Error when I train with train_gpu.py. (tf_records) #85

rainmaker712 · 2019-06-28T23:33:49Z

Hi, thanks for your contribution.

I was trying to preprocess my own data and training own my gpu machine, but after I created the tfrecords file from the wiki data and try to run train, it does not work with "TypeError: filenames must be a tf.data.Dataset of tf.string elements."

It seems like simple dir issues or tfrecords does not complete correctly since I saw on the logs num of record info path is zero.
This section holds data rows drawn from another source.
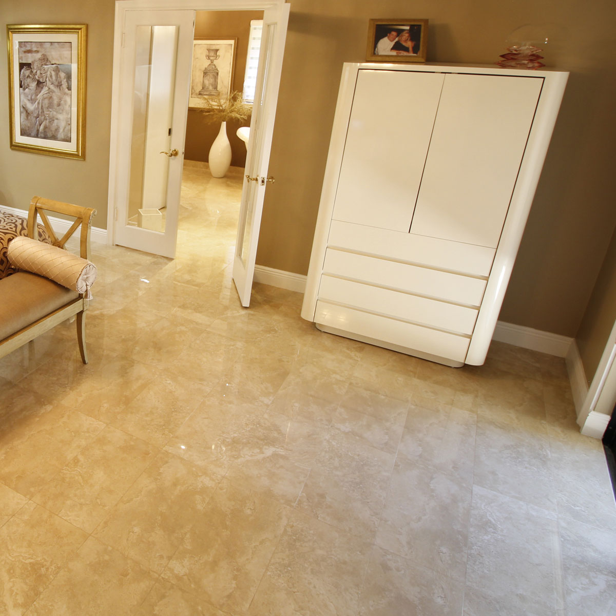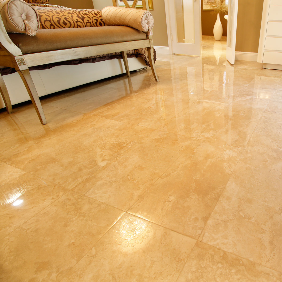 Polished Porcelain Travertine Style Floor
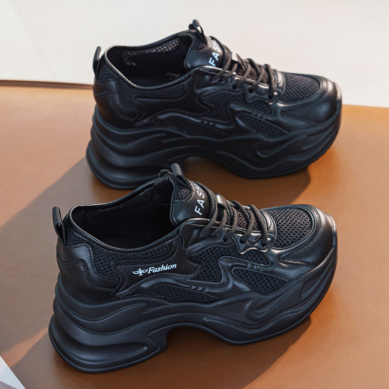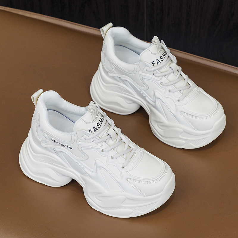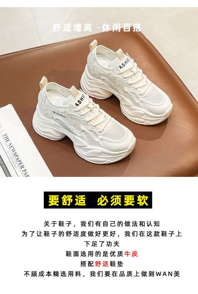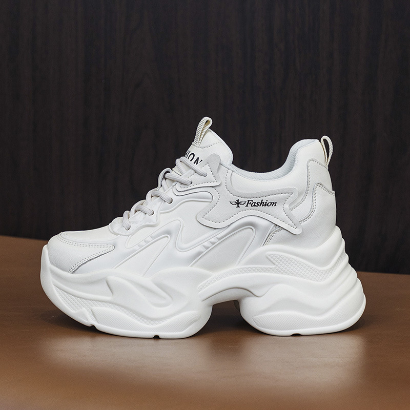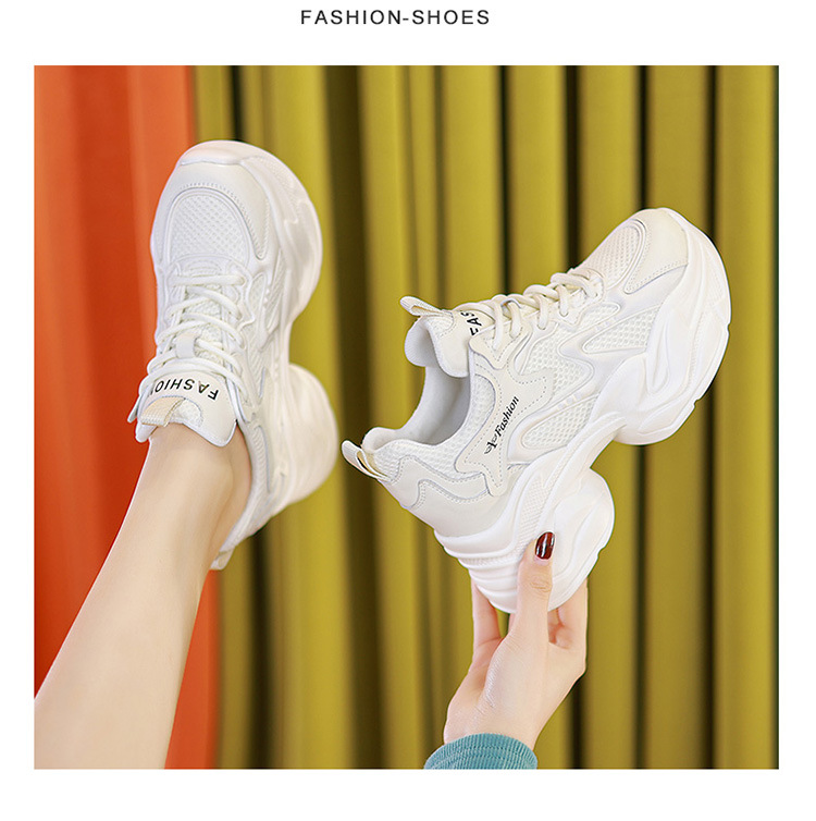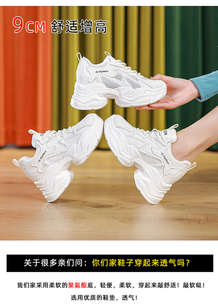 Женские кроссовки на платформе с увеличенной высотой, весна 2025, новый стиль, повседневные, белые, на танкетке, с толстой подошвой, сетчатые, на флисовой подкладке
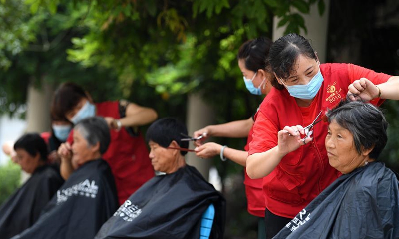 Volunteers cut hair for villagers at a temporary shelter in a school at Feixi County, east China's Anhui Province, July 29, 2020. Affected by floods, over 200 villagers in Fengle Town of Hefei were transferred to the school. Volunteers at the temporary shelter helped with the conveying of flood relief materials, food distribution, health care services, homework tutorship and free hairdressing services. (Xinhua/Liu Junxi)
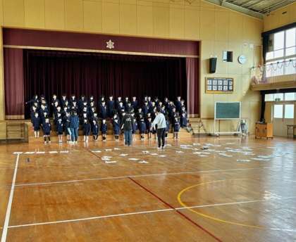 4月に新しく南百済小学校の仲間になる新1年生の入学式に向けて、現1年生がお祝いの練習に励んでいました。
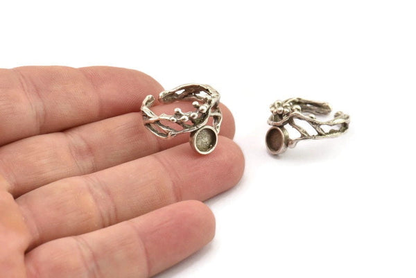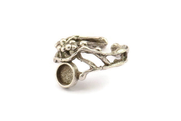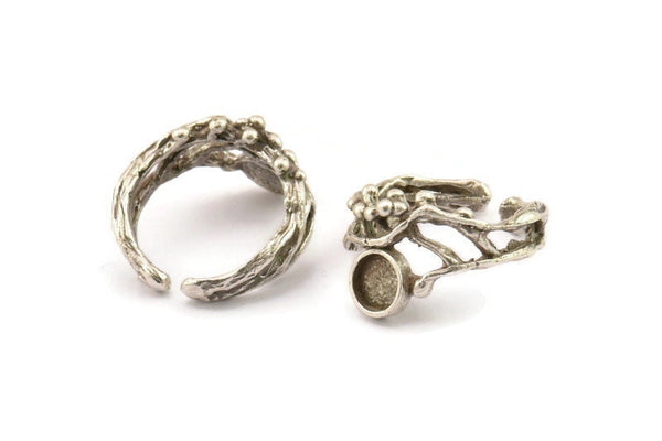 Antique Silver Plated Brass Adjustable Rings With 1 Stone Settings

Does anyone have a similar issue?
Appreciate for help.

I0629 08:26:34.599769 4393649600 tf_logging.py:115] n_token 32000
I0629 08:26:34.600133 4393649600 tf_logging.py:115] Use the following tfrecord dirs: ['data_out3/tfrecords']
I0629 08:26:34.600275 4393649600 tf_logging.py:115] [0] Record glob: data_out3/tfrecords/record_info-train-*.bsz-16.seqlen-128.reuse-64.bi.alpha-6.beta-1.fnp-85.json
I0629 08:26:34.600965 4393649600 tf_logging.py:115] [0] Num of record info path: 0
I0629 08:26:34.601068 4393649600 tf_logging.py:115] [Dir 0] Number of chosen batches: 0
I0629 08:26:34.601134 4393649600 tf_logging.py:115] [Dir 0] Number of chosen files: 0
I0629 08:26:34.601197 4393649600 tf_logging.py:115] []
I0629 08:26:34.601253 4393649600 tf_logging.py:115] Total number of batches: 0
I0629 08:26:34.601778 4393649600 tf_logging.py:115] Total number of files: 0
I0629 08:26:34.601840 4393649600 tf_logging.py:115] []
I0629 08:26:34.601900 4393649600 tf_logging.py:115] num of batches 0
I0629 08:26:34.601970 4393649600 tf_logging.py:115] Host 0 handles 0 files
Traceback (most recent call last):
File "train_gpu.py", line 328, in
tf.app.run()
File "/Users/user/tf110/lib/python3.6/site-packages/tensorflow/python/platform/app.py", line 125, in run
_sys.exit(main(argv))
File "train_gpu.py", line 324, in main
train("/gpu:0")
File "train_gpu.py", line 212, in train
train_set = train_input_fn(params)
File "/Users/user/xlnet/data_utils.py", line 868, in input_fn
num_predict=num_predict)
File "/Users/user/xlnet/data_utils.py", line 757, in get_dataset
bsz_per_core=bsz_per_core)
File "/Users/user/xlnet/data_utils.py", line 566, in parse_files_to_dataset
dataset = tf.data.TFRecordDataset(dataset)
File "/Users/user/tf110/lib/python3.6/site-packages/tensorflow/python/data/ops/readers.py", line 194, in init
"filenames must be a tf.data.Dataset of tf.string elements.")
TypeError: filenames must be a tf.data.Dataset of tf.string elements.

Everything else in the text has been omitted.